In 2023, MetALD was officially introduced as a disease entity, as part of a broader international, multisociety consensus process. MetALD is a new medical classification for liver disease combining metabolic risk factors (such as obesity and diabetes mellitus) with moderate-to-high alcohol consumption. This represents a middle-ground category between metabolic dysfunction-associated steatotic liver disease (MASLD; purely metabolic)—the term that replaced nonalcoholic fatty liver disease—and alcohol-associated liver disease (purely alcohol-driven). This month’s issue of Gastroenterology & Hepatology places a spotlight on MetALD in an interview with Dr Paul Y. Kwo.

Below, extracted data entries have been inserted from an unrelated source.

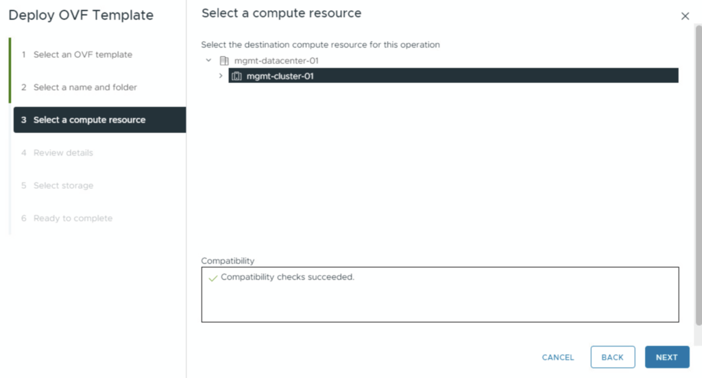 Compute: Select the compute resource (Cluster or specific Host) where the appliance will run.
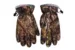 Пара перчаток с камуфляжным рисунком. Они имеют коричнево-зеленые оттенки, напоминающие лесной пейзаж. Верхняя часть перчаток отделана мехом, а на запястьях есть затяжки для регулировки.
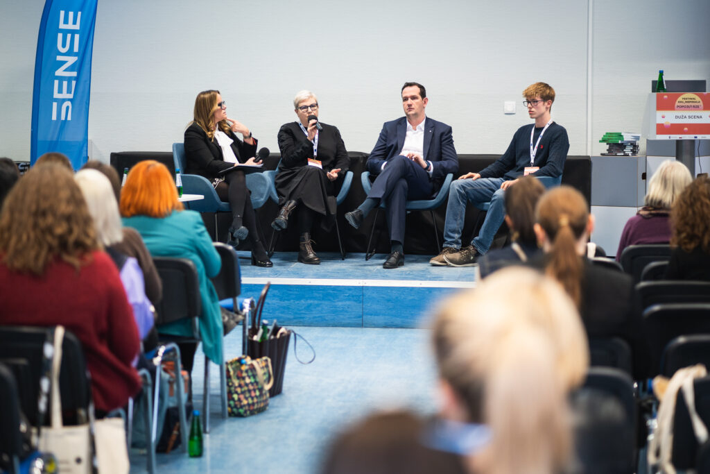 Następnie można było posłuchać inspirującej, międzypokoleniowej rozmowy prowadzonej przez Zytę Czechowską z udziałem Dr Igora Bykowskiego – Wielkopolskiego Kuratora Oświaty, Olafa Śramkowskiego z Młodzieżowej Rady Miasta Poznania, Ewy Radanowicz – Liderki od lat zmieniającej polską edukację. Była to rewelacyjna dyskusja o odpowiedzialności i podejściu do zmiany, słowa panelistów wywoływały ożywione reakcje wśród słuchaczy.
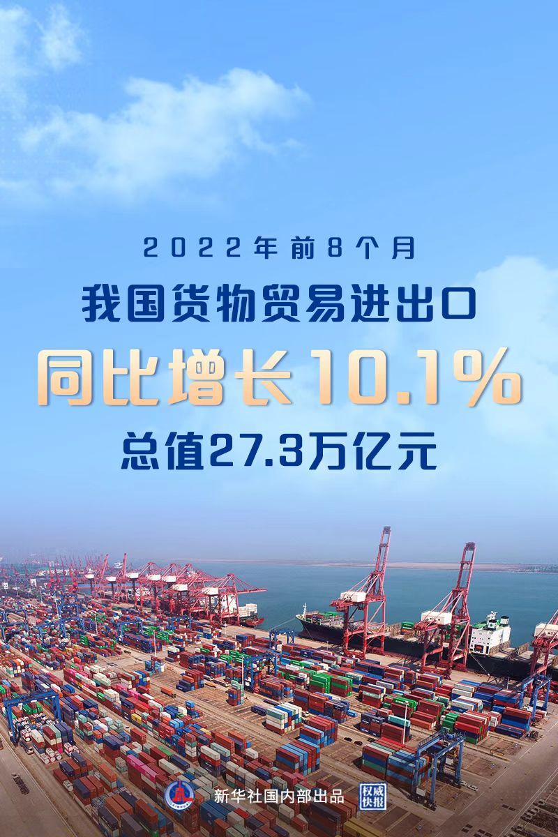 海关总署7日发布数据显示2022年前8个月我国货物贸易进出口总值27.3万亿元同比增长10.1%海关总署统计分析司司长李魁文表示今年以来面对复杂严峻的外贸发展环境我国高效统筹疫情防控和经济社会发展持续出台稳外贸系列政策推动外贸实现稳定增长其中前8个月广东、江苏、浙江、上海北京、山东、福建等7个省市对全国外贸增长的贡献率超过七成为稳定外贸大盘提供了关键支撑

In our Advances in Hepatology column, he discusses the importance of this new nomenclature, how hepatic steatosis can be detected, and how alcohol consumption can be quantified using questionnaires and phosphatidylethanol levels. Dr Kwo also discusses the management of MetALD, including lifestyle interventions involving diet and decreased alcohol intake, the role of pharmacotherapies such as acamprosate and naltrexone, and emerging data on the use of glucagon-like peptide-1 (GLP-1) receptor agonists in this patient population.
Our review article this month explores therapeutic options for primary biliary cholangitis (PBC). Dr Mariam Alamgir, Dr Sheena Bhushan, Dr Aalam Sohal, and Dr Kris V. Kowdley examine first-line treatment with ursodeoxycholic acid and the need for second-line therapeutic options. The authors review the recent withdrawal of obeticholic acid owing to safety concerns and lack of confirmed benefit in advanced disease, the potential role of fibrates, and the recent approval of the selective peroxisome proliferator-activated receptor (PPAR) agonists elafibranor and seladelpar. Additionally, the authors examine upcoming medications in clinical trials such as saroglitazar and pemafibrate, advanced PPAR agonist–based therapies aimed at managing dyslipidemia and liver disease, and propose an algorithm for managing PBC patients who do not have cirrhosis.
Our MASH in Focus column highlights recent guidance from the American Association for the Study of Liver Diseases on pediatric MASLD/metabolic dysfunction-associated steatohepatitis (MASH). Dr Stavra A. Xanthakos discusses why separate pediatric practice guidance was needed, which children should be screened for MASLD and using which tools, when liver biopsy should be performed, and the importance of multidisciplinary lifestyle management. Her discussion also covers the roles of pharmacotherapies such as GLP-1 receptor agonists and bariatric surgery, as well as differences from the adult MASH recommendations.
Janus kinase (JAK) inhibitor–associated acne is the focus of our Advances in IBD column. Associate Professor Britt Christensen discusses acne rates in inflammatory bowel disease patients taking JAK inhibitors, the typical clinical presentation of affected patients, and how patients should be counseled upon initiation of JAK inhibitor therapy. Also discussed are therapeutic approaches involving topical, combination, and oral antibiotic therapies; when to refer patients for dermatologic consultation; and whether JAK inhibitor therapy should be discontinued or reduced.
Our Advances in IBS column features an interview with Dr Brennan Spiegel on artificial intelligence (AI) in disorders of gut-brain interaction (DGBIs), including irritable bowel syndrome (IBS). He discusses potential uses of AI to transform the care of these patients, including in microbiome analysis, the prediction of IBS development, the investigation of functional dyspepsia, and the management of gastrointestinal symptoms. Other topics of discussion include the effectiveness of AI-driven interventions for DGBIs and the challenges of integrating AI into routine clinical practice.
Finally, Dr Brian E. Lacy presents the case of a patient who has IBS with constipation (IBS-C) in our Case Study Series section. He offers helpful teaching points and discusses how to speak with IBS-C patients about various important issues such as how to reassure that a confident symptom-based diagnosis is possible, how to explain the multifactorial pathophysiology and chronic nature of the disease, and how to discuss the approved IBS-C medications with different mechanisms of action.
I hope that this issue provides valuable insights for your clinical practice.